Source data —
-=-=-

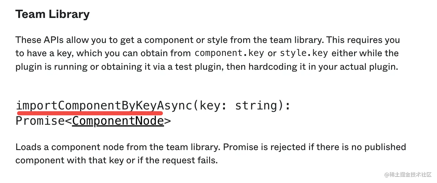 figma 插件提供了 importComponentByKey 的 api,可以从团队 figma 组件库(team library)中引入一个组件,
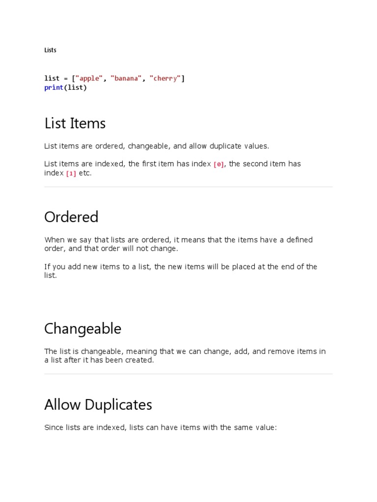 Tuple items are ordered, unchangeable, and allow duplicate values.
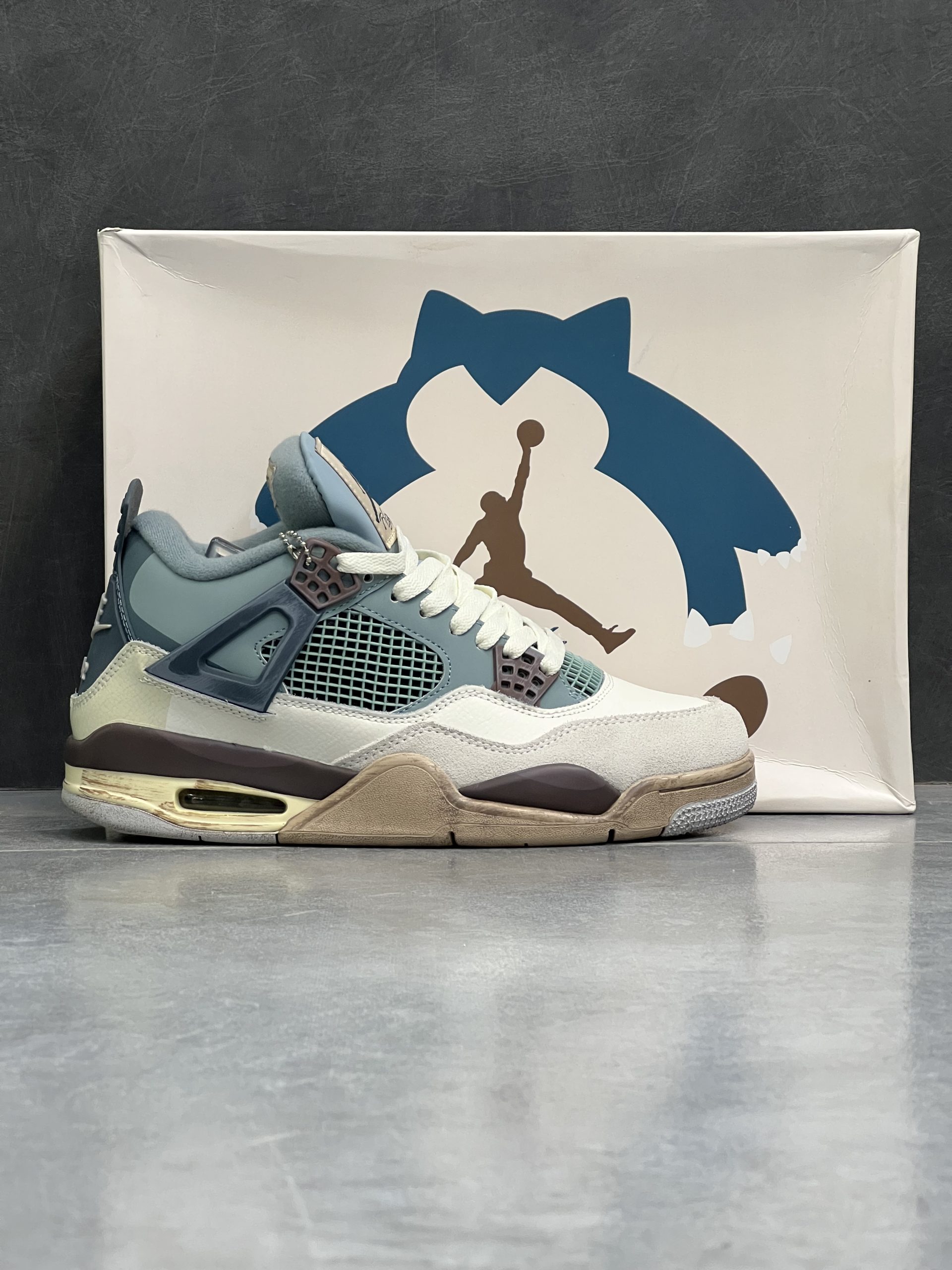 کفش نایک ایر جردن 4 اسنورلاکس یک مدل سفارشی از سری ایر جردن 4 است که از شخصیت اسنورلاکس، از مجموعه پوکمون، الهام گرفته شده است. این کفش ترکیبی از طراحی نمادین ایر جردن 4 و رنگها و المانهای طراحی مرتبط با اسنورلاکس است.
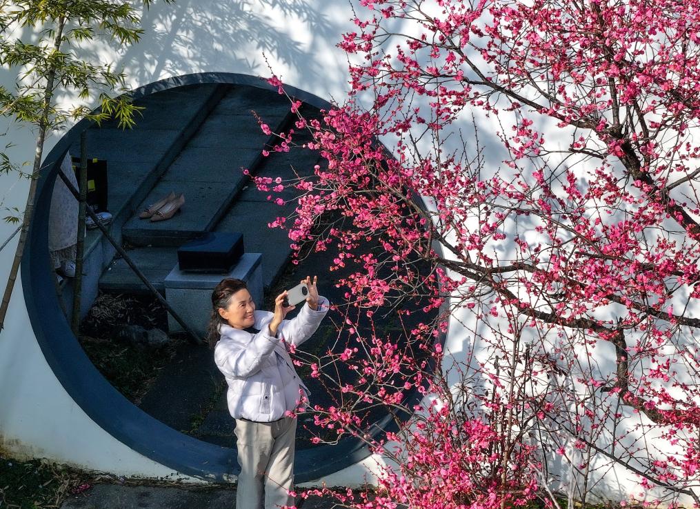 1月15日,在湖北省武汉市东湖梅园,游客拍摄梅花(无人机照片)。新华社发(赵军 摄)
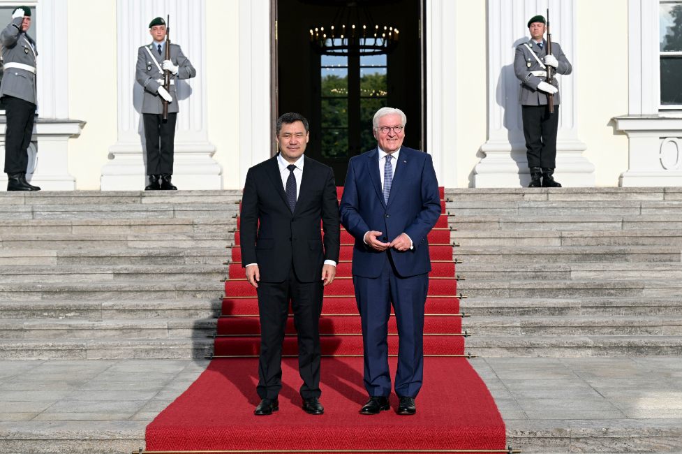 Президент Садыр Жапаров өз сөзүндө Германия Федеративдүү Республикасынын президенти Франк-Вальтер Штайнмайердин демилгеси менен бүгүнкү жолугушуунун өтүшү Германиянын Борбор Азия менен ар тараптуу кызматташтыкты мындан ары өнүктүрүүгө кызыгуусу артып жатканын айгинелерин белгиледи.
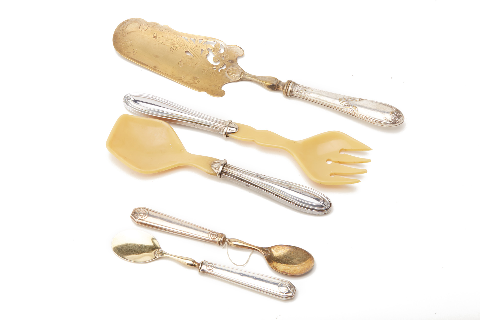 A GROUP OF SILVER PLATED SERVING UTENSILS
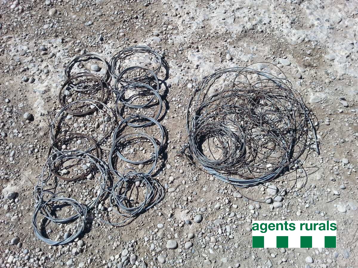 Efectius del Cos d’Agents Rurals van comissar un total de 12 paranys il·legals tipus llaç durant una inspecció d’un tancat amb gossos de caça en una finca del municipi de la Pobla de Cérvoles ( les Garrigues).
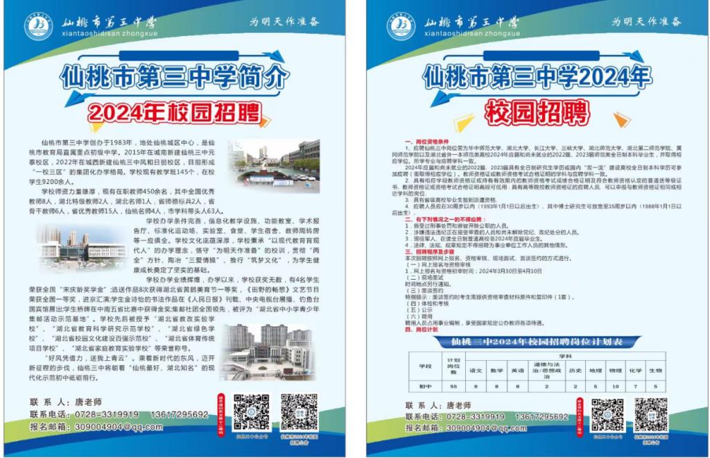 仙桃市第三中学创办于1983年,地处仙桃城区中心,是仙桃市教育局直属重点初级中学。2015年在城南新建仙桃三中元泰校区,2022年在城西新建仙桃三中风和日丽校区,目前形成“一校三区”的集团化办学格局。公司现有教学班145个,在校员工9200余人。
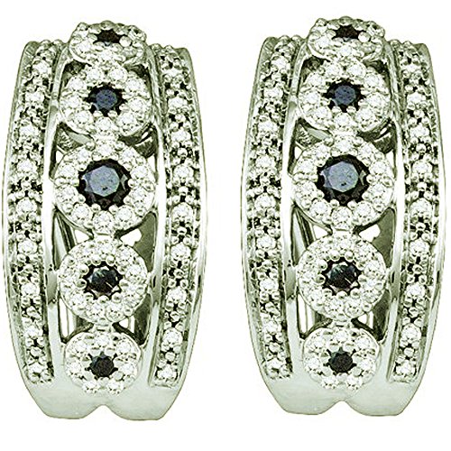 -. Title : 0.75 Carat (ctw) 10k White Gold Round White & Black Diamond Ladies Fashion Hoop Earrings
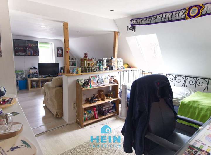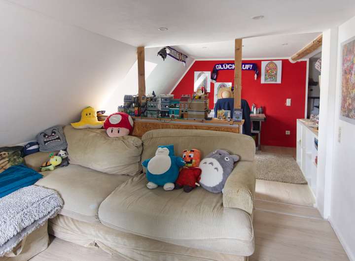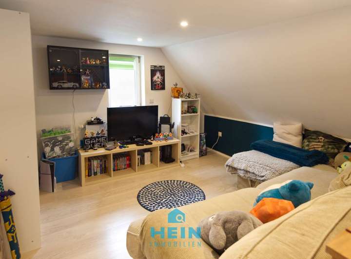 Im Dachgeschoss stehen rund 63 m² zur Verfügung. Der Bereich beherbergt aktuell ein großzügiges Jugendzimmer, das viel Platz zum Wohnen, Spielen oder Entspannen bietet. Gleichzeitig besteht hier noch weiteres Potenzial für einen zukünftigen Ausbau, sodass zusätzliche Wohn- oder Nutzfläche geschaffen werden kann – ideal, um die Immobilie auch langfristig flexibel an die Bedürfnisse der Bewohner anzupassen.
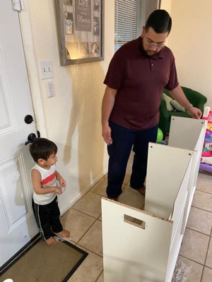 [This review was collected as part of a promotion.] Super easy to put together but a bit time consuming (I did it alone) with all of the screws. Material felt a little cheap and I wasn't thrilled that the gold legs didn't match the gold handles. It still looks nice in my room, but be warned...there are TWO DIFFERENT TYPES OF HINGES. This is crucial.
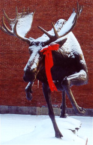 The moose to the left is on the corner by the Historical Society building; he's very useful for giving directions. Going to Belfast? Take a right at the moose. But he also seems ready to step out into the street. We could rig him with a motion detector light and scare folks coming thru town at night. We are having a great winter. It snows every few days and it seldom gets above freezing so we don't have melt and ice. Very satisfying to locals when things are as they should be. |
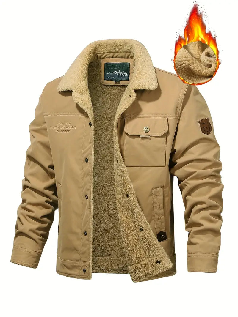 Men's Casual Warm Jacket with Flap Pockets, Fleece Lining - Fall & Winter Essentials, Perfect Gift for Boyfriend & Dad
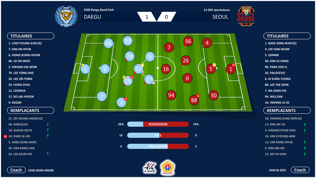 Une rencontre qui se déroulait selon les marqueurs habituels de Seoul. Les Rouge et Noir conservaient le ballon, sans savoir trop quoi en faire tout en étant léger défensivement, permettant à l'adversaire de prendre les devants. Ainsi, après avoir eu le ballon pendant vingt pour cent du temps dans le premier quart d'heure, Daegu se retrouvait en tête grâce à superbe frappe de Cesinha, bien trouvé par Ko Jae-hyeong (15e, 1-0). Quelques minutes plus tard, profitant toujours d'une défense approximative de Seoul, Daegu manquait le break par Edagar. Le Brésilien, seul au second poteau, envoyait sa tentative dans les nuages plutôt que dans le but vide. Seoul ne réagissait pas, continuant son traditionnel plan de jeu bien trop simple à défendre par les Sky Blues. Ces derniers opéraient en contre et manquaient de nouveau la balle du second but par Hong Chul. Finalement, Seoul s'offrait sa première occasion juste avant la pause visa Osmar de la tête. Mais l'Espagnol ne cadrait pas sa tentative. Toujours dominé sans la possession, Daegu se montrait plus facilement dangereux et il ne fallait qu'un réflexe de Baek Jong-beom pour garder Seoul en vie. Jamais inquiétés, les Sky blues s'imposaient pour garder cette série d'invincibilité et une place dans le top 6. Côté Seoul, le club retombe dans ses travers progressivement et doit réagir pour retrouver le visage du début de saison. D'autant plus que le club laisse filer sa seconde place.

-=-=-

ACTIVITY — When you transcribe the entries above, keep every word exact and leave out the pictures.

SOLVED PROBLEM —
 figma 插件提供了 importComponentByKey 的 api,可以从团队 figma 组件库(team library)中引入一个组件,
 Tuple items are ordered, unchangeable, and allow duplicate values.
 کفش نایک ایر جردن 4 اسنورلاکس یک مدل سفارشی از سری ایر جردن 4 است که از شخصیت اسنورلاکس، از مجموعه پوکمون، الهام گرفته شده است. این کفش ترکیبی از طراحی نمادین ایر جردن 4 و رنگها و المانهای طراحی مرتبط با اسنورلاکس است.
 1月15日,在湖北省武汉市东湖梅园,游客拍摄梅花(无人机照片)。新华社发(赵军 摄)
 Президент Садыр Жапаров өз сөзүндө Германия Федеративдүү Республикасынын президенти Франк-Вальтер Штайнмайердин демилгеси менен бүгүнкү жолугушуунун өтүшү Германиянын Борбор Азия менен ар тараптуу кызматташтыкты мындан ары өнүктүрүүгө кызыгуусу артып жатканын айгинелерин белгиледи.
 A GROUP OF SILVER PLATED SERVING UTENSILS
 Efectius del Cos d’Agents Rurals van comissar un total de 12 paranys il·legals tipus llaç durant una inspecció d’un tancat amb gossos de caça en una finca del municipi de la Pobla de Cérvoles ( les Garrigues).
 仙桃市第三中学创办于1983年,地处仙桃城区中心,是仙桃市教育局直属重点初级中学。2015年在城南新建仙桃三中元泰校区,2022年在城西新建仙桃三中风和日丽校区,目前形成“一校三区”的集团化办学格局。公司现有教学班145个,在校员工9200余人。
 -. Title : 0.75 Carat (ctw) 10k White Gold Round White & Black Diamond Ladies Fashion Hoop Earrings
 Im Dachgeschoss stehen rund 63 m² zur Verfügung. Der Bereich beherbergt aktuell ein großzügiges Jugendzimmer, das viel Platz zum Wohnen, Spielen oder Entspannen bietet. Gleichzeitig besteht hier noch weiteres Potenzial für einen zukünftigen Ausbau, sodass zusätzliche Wohn- oder Nutzfläche geschaffen werden kann – ideal, um die Immobilie auch langfristig flexibel an die Bedürfnisse der Bewohner anzupassen.
 [This review was collected as part of a promotion.] Super easy to put together but a bit time consuming (I did it alone) with all of the screws. Material felt a little cheap and I wasn't thrilled that the gold legs didn't match the gold handles. It still looks nice in my room, but be warned...there are TWO DIFFERENT TYPES OF HINGES. This is crucial.
 The moose to the left is on the corner by the Historical Society building; he's very useful for giving directions. Going to Belfast? Take a right at the moose. But he also seems ready to step out into the street. We could rig him with a motion detector light and scare folks coming thru town at night. We are having a great winter. It snows every few days and it seldom gets above freezing so we don't have melt and ice. Very satisfying to locals when things are as they should be. |
 Men's Casual Warm Jacket with Flap Pockets, Fleece Lining - Fall & Winter Essentials, Perfect Gift for Boyfriend & Dad
 Une rencontre qui se déroulait selon les marqueurs habituels de Seoul. Les Rouge et Noir conservaient le ballon, sans savoir trop quoi en faire tout en étant léger défensivement, permettant à l'adversaire de prendre les devants. Ainsi, après avoir eu le ballon pendant vingt pour cent du temps dans le premier quart d'heure, Daegu se retrouvait en tête grâce à superbe frappe de Cesinha, bien trouvé par Ko Jae-hyeong (15e, 1-0). Quelques minutes plus tard, profitant toujours d'une défense approximative de Seoul, Daegu manquait le break par Edagar. Le Brésilien, seul au second poteau, envoyait sa tentative dans les nuages plutôt que dans le but vide. Seoul ne réagissait pas, continuant son traditionnel plan de jeu bien trop simple à défendre par les Sky Blues. Ces derniers opéraient en contre et manquaient de nouveau la balle du second but par Hong Chul. Finalement, Seoul s'offrait sa première occasion juste avant la pause visa Osmar de la tête. Mais l'Espagnol ne cadrait pas sa tentative. Toujours dominé sans la possession, Daegu se montrait plus facilement dangereux et il ne fallait qu'un réflexe de Baek Jong-beom pour garder Seoul en vie. Jamais inquiétés, les Sky blues s'imposaient pour garder cette série d'invincibilité et une place dans le top 6. Côté Seoul, le club retombe dans ses travers progressivement et doit réagir pour retrouver le visage du début de saison. D'autant plus que le club laisse filer sa seconde place.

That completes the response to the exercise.